Recently, researchers from Nankai University, Oxford University and the University of California at Merced proposed a new module Res2Net for target detection tasks. The new module can be used with existing ones. Other excellent modules are easily integrated, and the test performance on ImageNet, CIFAR-100 and other data sets exceeds ResNet without increasing the computational load.
In 2015, the resNet made by four Chinese, including He Yuming, became famous, and it can accelerate the training of neural networks very quickly. .
Recently, Res2Net, jointly developed by researchers from Nankai University, Oxford University and the University of California at Merced, can be easily integrated with other existing excellent modules. : Test performance on ImageNet, CIFAR-100 and other data sets exceeds ResNet without increasing the computational load.

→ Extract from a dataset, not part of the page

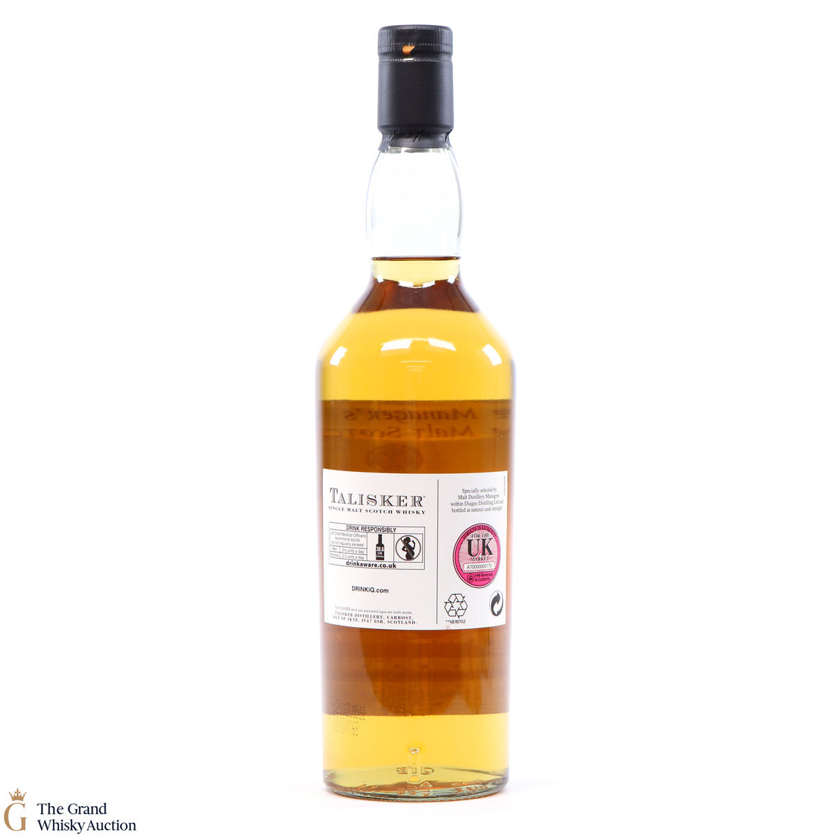 A rare Talisker single malt whisky bottled in 2011 for Diageo staff, at natural cask strength. The malt was specially selected by distillery managers within Diageo and bottled at 55.2%. This is an individually numbered bottle.

Further ablation studies and experimental results on representative computer vision tasks, ie target detection, class activation mapping and significant target detection, further validating Res2Net relative to existing The superiority of the baseline method of technology.
Multi-scale representation for visual tasks is of great significance for target detection, semantic segmentation and significant target detection tasks. Through CNN's new module Res2Net, it is possible to achieve better CNN backbone-based models (such as ResNet, ResNeXt and DLA) than before. Better performance.
Res2Net: No load on computing, feature extraction is more powerful
Representing features on multiple scales is important for many visual tasks. Recent advances in the Convolutional Neural Network (CNN) backbone continue to demonstrate stronger multi-scale representation capabilities to achieve consistent performance gains across a wide range of applications. However, most existing methods represent multi-scale features in a layer-wise manner.
In this paper, the researchers are in a single residual block. Constructing a layered residual class connection,A new building block for CNN is proposed, Res2Net, which represents multi-scale features at a more granular level and increases the receptive field of each network layer (receptive fields) range.
In the above figure, the left side is the basic structure of the CNN network architecture, and the right side is the newly proposed Res2Net module. The new module has a stronger multi-scale feature extraction capability, but the computational load is similar to the left architecture. Specifically, the new module replaces the filter set with a smaller 3×3 filter, while different filter sets can be connected in a hierarchical residual style. The connection form inside the module is similar to the Residual Network (ResNet), so it is named Res2Net.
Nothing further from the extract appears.